Once we sold the Palo Alto house, I braced myself for upgrading my San Francisco Comcast service. It turned out that, due to San Francisco having a different "tier system" than Palo Alto, I would pay less for what I wanted, enough less to cover the fee for one of the boxes having a VTR. This was when I realized that Comcast did not want a box that would communicate with a VCR, because their longer game plan was to wean customers away from that VCR. On the whole the VTR service has been pretty good. Also, while KDFC is as bad as it ever was, I now have XM to satisfy my radio needs; so I no longer am mad at Comcast for taking away my FM feed (even if they were not immediately responsible). Besides, KDFC reception is really terrible in our neighborhood. That would be a moot point, except that I have a neighbor who wants to record the Opera broadcasts that KDFC now provides once a month. The good news for her is that she can now get a cleaner signal through her Comcast box. All she needs to do now is direct the audio feed from the box to her recording equipment.

The one problem with the VTR is that we can only watch it where its box is, which happens to be the bedroom; so, once again, we have gotten interested in On Demand for when we want to watch in the living room. Sometimes I want to check to see if something I have already recorded can be seen through On Demand. The On Demand menu system makes this a real pain; and, as more items are available, the greater the pain. This is why I was so glad to discover that Comcast now has a Web site for all of the On Demand content. The site has a disclaimer that what is has is "a sample of programming available from ON DEMAND;" but I think that means that only the nationally-available content is covered. This should not matter much, since I am not that interested in the local content.

This Web site is definitely an improvement over the set-top box interface. It is broken down into separate pages for each letter of the alphabet, but there is also a reasonably flexible search window. You cannot do phrase search; but, given the limitations of the content, you can find stuff. There is plenty of room for improvement, but the bottom line is that is looks as if Comcast is inching their way towards more manageable ways to take advantage of their services. Furthermore, the providers are starting to take advantage of On Demand. The last season of The Wire released new episodes through On Demand before they were broadcast on HBO. Showtime is currently doing the same with The Tudors and released all of the second season of Sleeper Cell while the episode-by-episode broadcasting was taking place. (My wife loved that one; life came to a screaming halt while we watched the whole thing over two evenings!)
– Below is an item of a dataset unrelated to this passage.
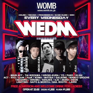 WOMB + WEDNESDAY + ELECTRONIC DANCE MUSIC から名付けられたネーミング WEDM!!! BIG ROOM、BOUNCE、FUTURE HOUSE、TRAP、DUBSTEP、TWERK など ELECTRONIC DANCE MUSIC を網羅し、自由自在に MASHUP させる。WEDM のレジデントは、世界一有名なエレクトロニックミュージックレーベルとして名高い Ministry of Sound のレジデントに抜擢された経験を持つ TAI IKEZAWA、F.FACTORY JAPAN DJ PRODUCT TEAM 代表として数々のパーティーをプロデュースしてきた HIROKI-KURA、HIP HOP / R&B を中心としたプレイやスクラッチや2枚使いなどのトリックプレイも得意とする DJ YO など豪華アーティストが務め、フェス好きの耳の肥えたクラウドをも平日から盛り上がりの渦に巻き込んでいる。

On the whole I am far less negative about "living with Comcast" than I was when they invaded my house in Palo Alto. I have heard mixed reports on how well their broadband service is doing, so I do not particularly care one way or the other about missing the opportunity to compare them with DSL. Meanwhile we have friends who have become Slingbox advocates. This leads me to wonder if, having already bundled a VTR into their box, Comcast now has plans to do with same with a Sling-like service! That will give us one more way to "amuse ourselves to death!"